Unlike some, I don’t remember my first oyster as epiphanic. That’s no reflection on the oyster, which I’m certain was good, plump and fresh from the Gulf, arguably among the best in the world, but I ate it on my first trip to Jackson, which was a dizzying affair for a 7-year-old boy from a sawmill village in north Mississippi.

After the thrill of seeing the frothy Rez from the Trace, riding in a highway patrol cruiser (my last time in the front seat of one) and ogling at the Capitol dome, eating oysters at the Mayflower seemed pedestrian. The bouffants of the waitresses made far more of an impression than the shellfish, and when ours yelled at some idiot from Atlanta who ordered a poached egg, I tried to die three times. Out of sheer terror, I left her all the money I had–two quarters–because she glared at me when I asked for an extra straw.

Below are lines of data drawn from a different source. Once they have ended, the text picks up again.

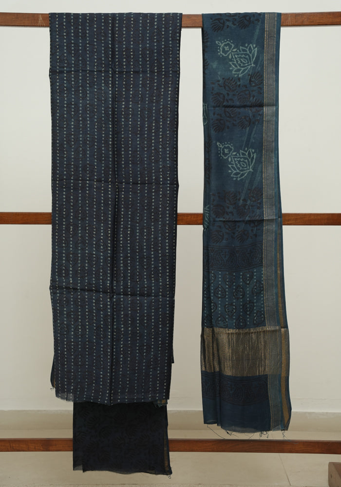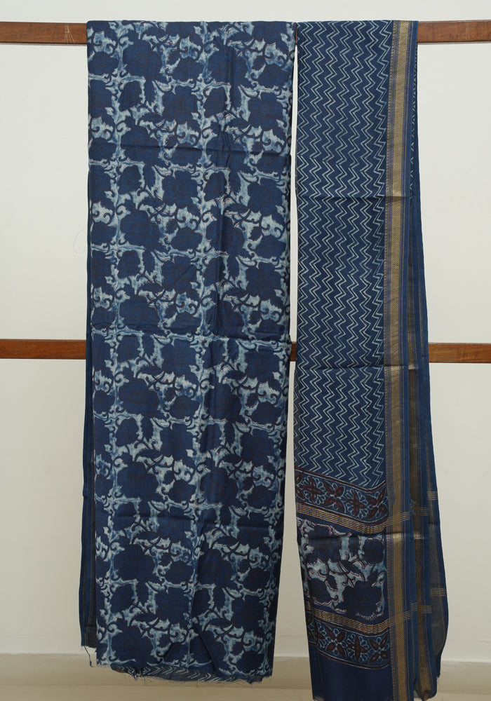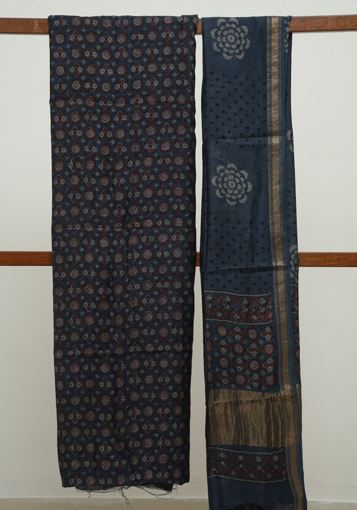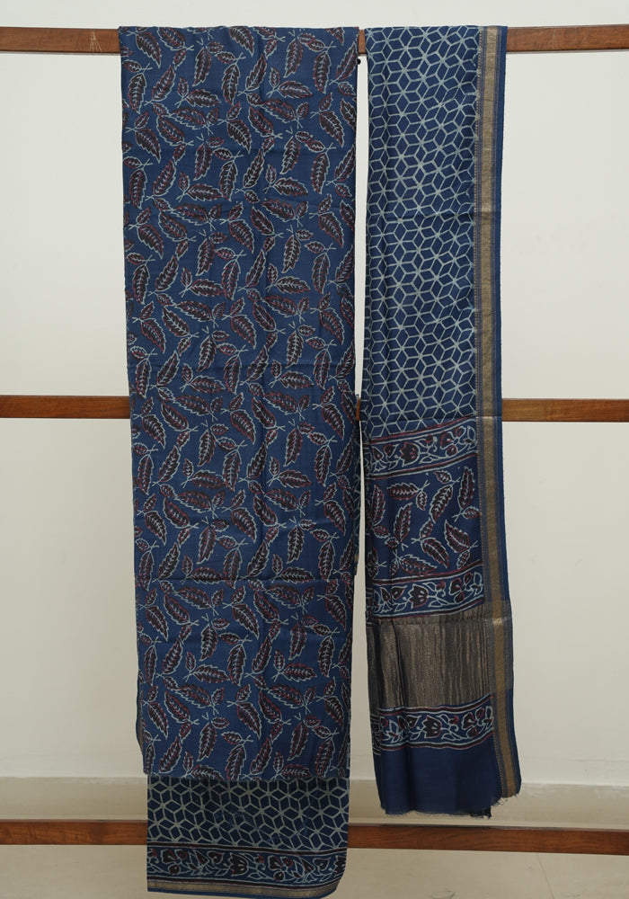 Dark Blue Ajrakh Printed Maheshwari Salwar Set
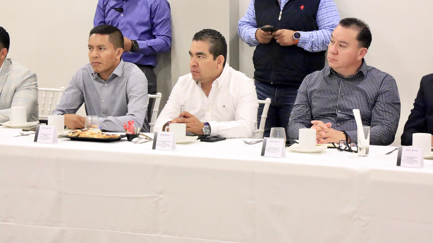 Con la presencia del presidente municipal, Gaspar Trueba Moncada, la reunión fue encabezada por el secretario de Seguridad Ciudadana del Estado, Iován Elias Pérez Hernández, acompañado de alcaldes y titulares de seguridad de municipios de esa región del estado.
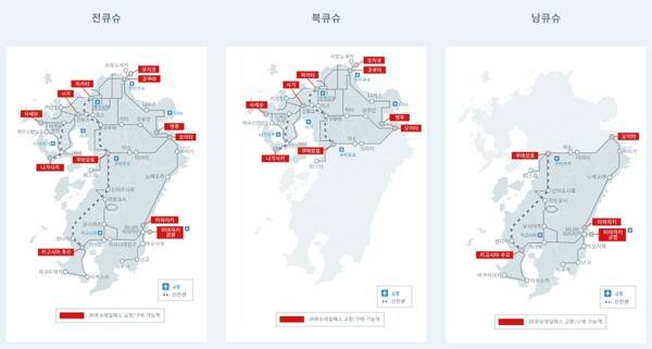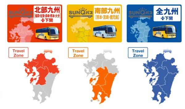 후쿠오카, 사가, 나가사키, 오이타, 구마모토 총 5개 지역+ 시모노세키 고속버스,시내 노선버스와 크루즈(5개 항로)남부 규슈
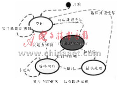 为提高信号传输的距离及抗干扰能力,此处MODBUS物理层采用标准RS485通信。为了保证MODBUS协议软核的健壮性,设计了其有限状态机[1]模型,如图6所示,并根据此有限状态机模型运用状态路由器进行软件实现。
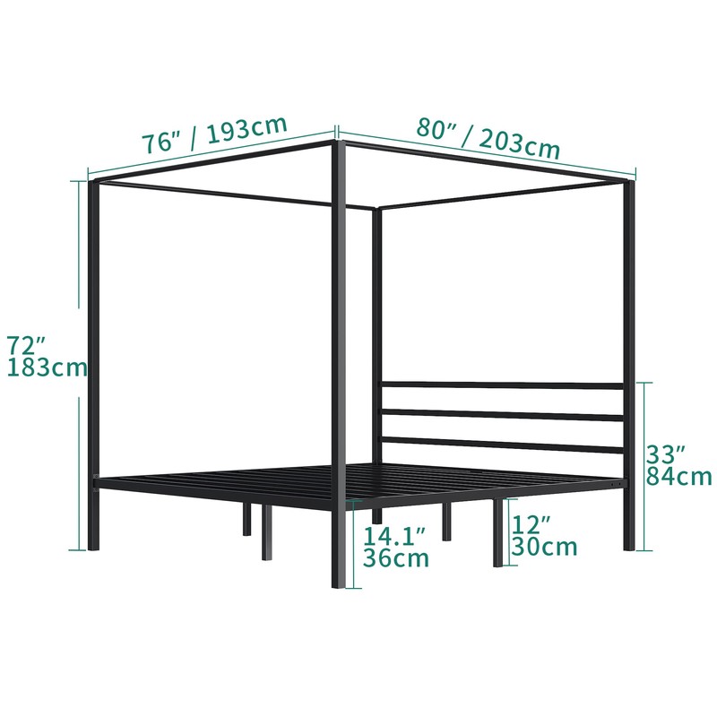 YITAHOME Metal Four Poster Canopy Bed Frame 14 Inch Platform with Built-in Headboard Strong Metal Slat Mattress Support, No Box Spring Needed, Black, King Size
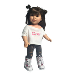 Trendy Styles for your dolls... Give your doll a Hip, Modern fashion look with these crop tops The fashion combinations are endless for your 18 inch doll with this set of 5 printed t-shirts! A variety of shirts lets your kid be creative to pair it up with any other outfit they own. They can mix n match or wear plain. Kids love this set as it can be used for any occasion.

Oysters enjoy a sex life that makes human sexuality totally lame, switching sexes according to a variety of environmental factors. If you’re a young oyster (a spat), one season ‘s Uncle Louie might be the next’s Aunt Louise. Not only that, but oysters reproduce by spewing their sperm and eggs into the water around them in an impregnating haze, the human equivalent of desperate yet sincere sex with someone on the other side of the Jacuzzi.

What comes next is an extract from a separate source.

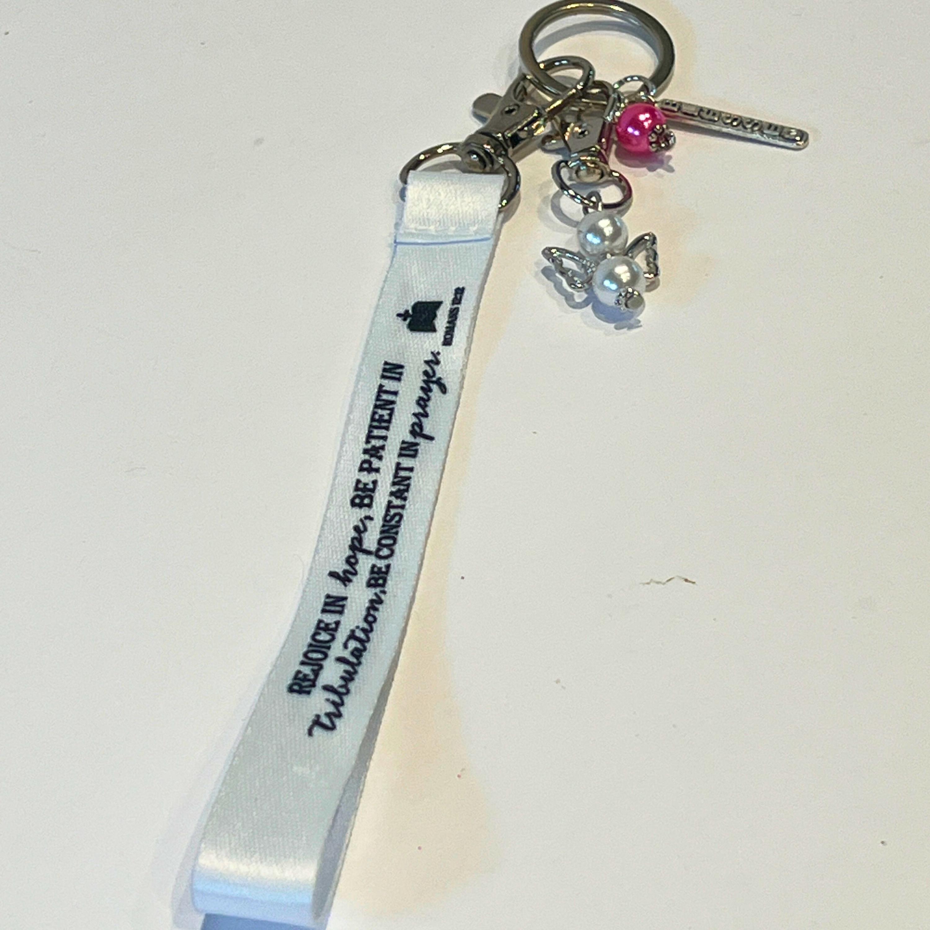 Bright, pure, and uplifting this white wristlet keychain is designed to encourage and strengthen.

Any encouraging words of prolific reproduction and growth among oysters strike a chord of extreme indifference among those people who rate the oyster as a food on par with nasal mucus, but those of us who hold the mollusk in the highest esteem find it heartening. Oysters were once so plentiful in American coastal waters that no meal that aspired to distinction was complete without them, but since the first decades of the last century the mollusk has been in catastrophic decline and the prices have escalated accordingly. Oysters at the Mayflower in 1967 cost a dime apiece, a dollar a dozen.

Eating a raw oyster is like stealing a kiss from the ocean: a wet, slightly salty, totally sensuous experience unbridled by any sort of fussy preparation. I’m firmly convinced that anyone who doesn’t enjoy oysters is a bad kisser, and I have centuries of documentation to back me up in this opinion. Oysters have enjoyed a reputation as an aphrodisiac for millennia. Now that I am well past the salad stage of life and forging steadily past dessert, I firmly intend to keep oysters a mainstay between courses. If God is willing, I shall have them with my cordial.

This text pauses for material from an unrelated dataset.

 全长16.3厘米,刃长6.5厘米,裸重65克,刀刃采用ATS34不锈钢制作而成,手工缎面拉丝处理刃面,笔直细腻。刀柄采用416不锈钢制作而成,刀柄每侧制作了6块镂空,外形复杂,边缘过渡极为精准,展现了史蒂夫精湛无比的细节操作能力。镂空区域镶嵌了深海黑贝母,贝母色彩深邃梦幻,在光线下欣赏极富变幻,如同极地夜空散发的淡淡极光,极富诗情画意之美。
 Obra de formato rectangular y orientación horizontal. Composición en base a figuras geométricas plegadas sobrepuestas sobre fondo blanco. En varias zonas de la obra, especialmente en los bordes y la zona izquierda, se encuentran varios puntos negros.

I still like oysters with a dab of tart, horseradish-y cocktail sauce, but I also enjoy a lighter sauce that’s a bit more in tune with the sublime texture of the animal as it comes–quivering in its nakedness–to my lips.

Mignonette Sauce

Combine 2/3 cup wine vinegar, a small, finely-minced shallot, 2 tablespoons olive oil, and a tablespoon each freshly-ground black pepper and minced parsley.  Bottle, refrigerate, and shake well before dribbling over freshly-shucked oysters.